I found myself at dinner the other day next to an old friend, whom I see but seldom; a quiet, laborious, able man, with the charm of perfect modesty and candour, who, moreover, writes a very beautiful and lucid style. I said to him that I conceived it to be my mission, whenever I met him, to enquire what he was writing, and to beg him to write more. He said smilingly that he was very much occupied in his work, which is teaching, and found little time to write; “besides,” he said, “I think that one writes too much.” He went on to say that though he loved writing well enough when he was in the mood for it, yet that the labour of shaping sentences, and lifting them to their places, was very severe.

I felt myself a little rebuked by this, for I will here confess that writing is the one pleasure and preoccupation of my own life, though I do not publish a half of what I write. It set me wondering whether I did indeed write too much; and so I said to him: “You mean, I suppose, that one gets into the habit of serving up the same ideas over and over again, with a different sauce, perhaps; but still the same ideas?” “Yes,” he said, “that is what I mean. When I have written anything that I care about, I feel that I must wait a long time before the cistern fills again.”

We went on to talk of other things; but I have since been reflecting whether there is truth in what my friend said. If his view is true of writing, then it is surely the only art that is so hampered. We should never think that an artist worked too much; we might feel that he did not perhaps finish his big pictures sufficiently; but if he did not spare labour in finishing his pictures, we should never find fault with him for doing, say, as Turner did, and making endless studies and sketches, day after day, of all that struck him as being beautiful. We should feel indeed that some of these unconsidered and rapid sketches had a charm and a grace that the more elaborate pictures might miss; and in any case we should feel that the more that he worked, the firmer and easier would become his sweep of hand, the more deft his power of indicating a large effect by an economy of resource. The musician, too: no one would think of finding fault with him for working every day at his art; and it is the same with all craftsmen; the more they worked, the surer would their touch be.
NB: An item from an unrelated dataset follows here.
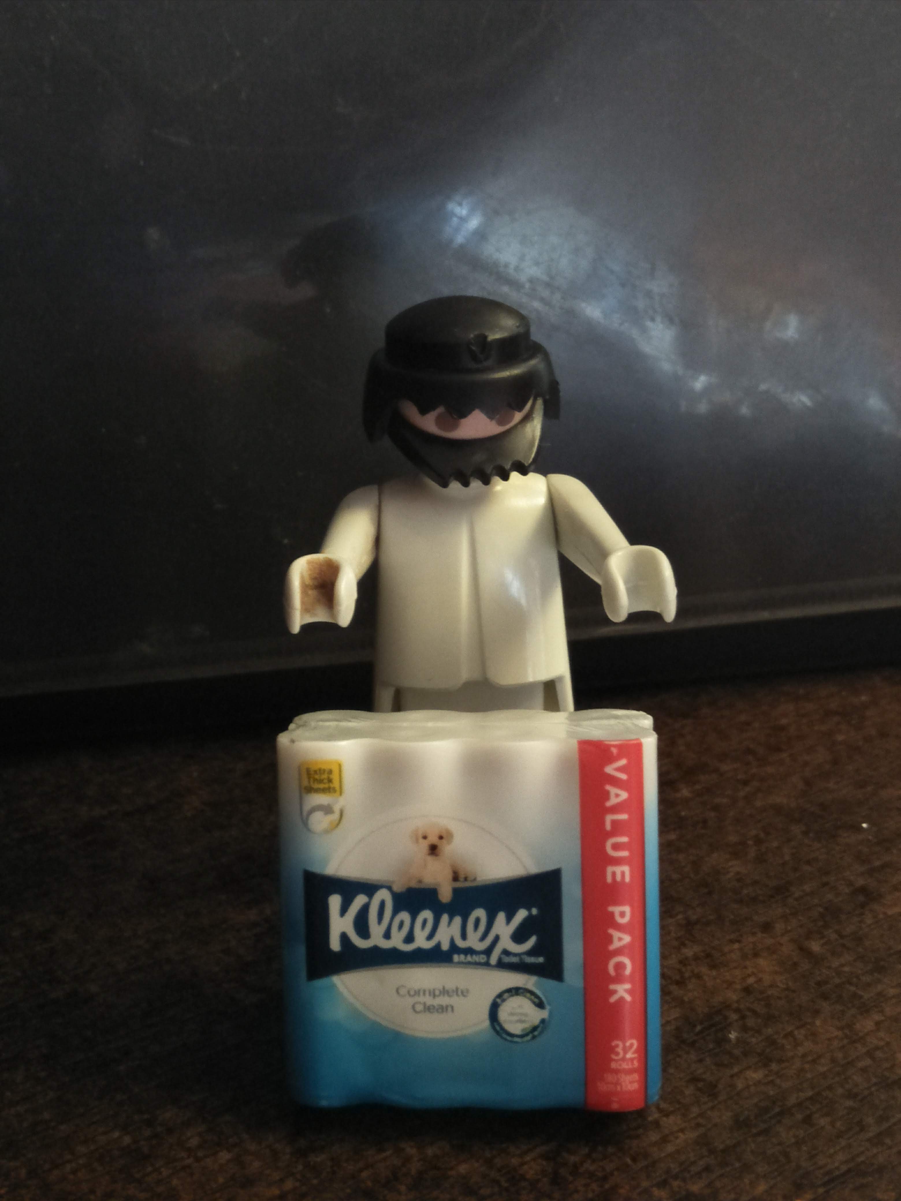 I wanted to convery my feeling when the Victorian government told us we are going back to lockdown again. I made this from my youngest daughter's toys, including a mock mini toilet paper distributed as a promotion by supermarket chain Coles.

Now I am inclined to believe that what makes writing good is not so much the pains taken with a particular piece of work, the retouching, the corrections, the dear delays. Still more fruitful than this labour is the labour spent on work that is never used, that never sees the light. Writing is to me the simplest and best pleasure in the world; the mere shaping of an idea in words is the occupation of all others I most love; indeed, to speak frankly, I plan and arrange all my days that I may secure a space for writing, not from a sense of duty, but merely from a sense of delight. The whole world teems with subjects and thoughts, sights of beauty and images of joy and sorrow, that I desire to put into words; and to forbid myself to write would be to exercise the strongest self-denial of which I am capable. Of course I do not mean that I can always please myself. I have piles of manuscripts laid aside which fail either in conception or expression, or in both. But there are a dozen books I would like to write if I had the time.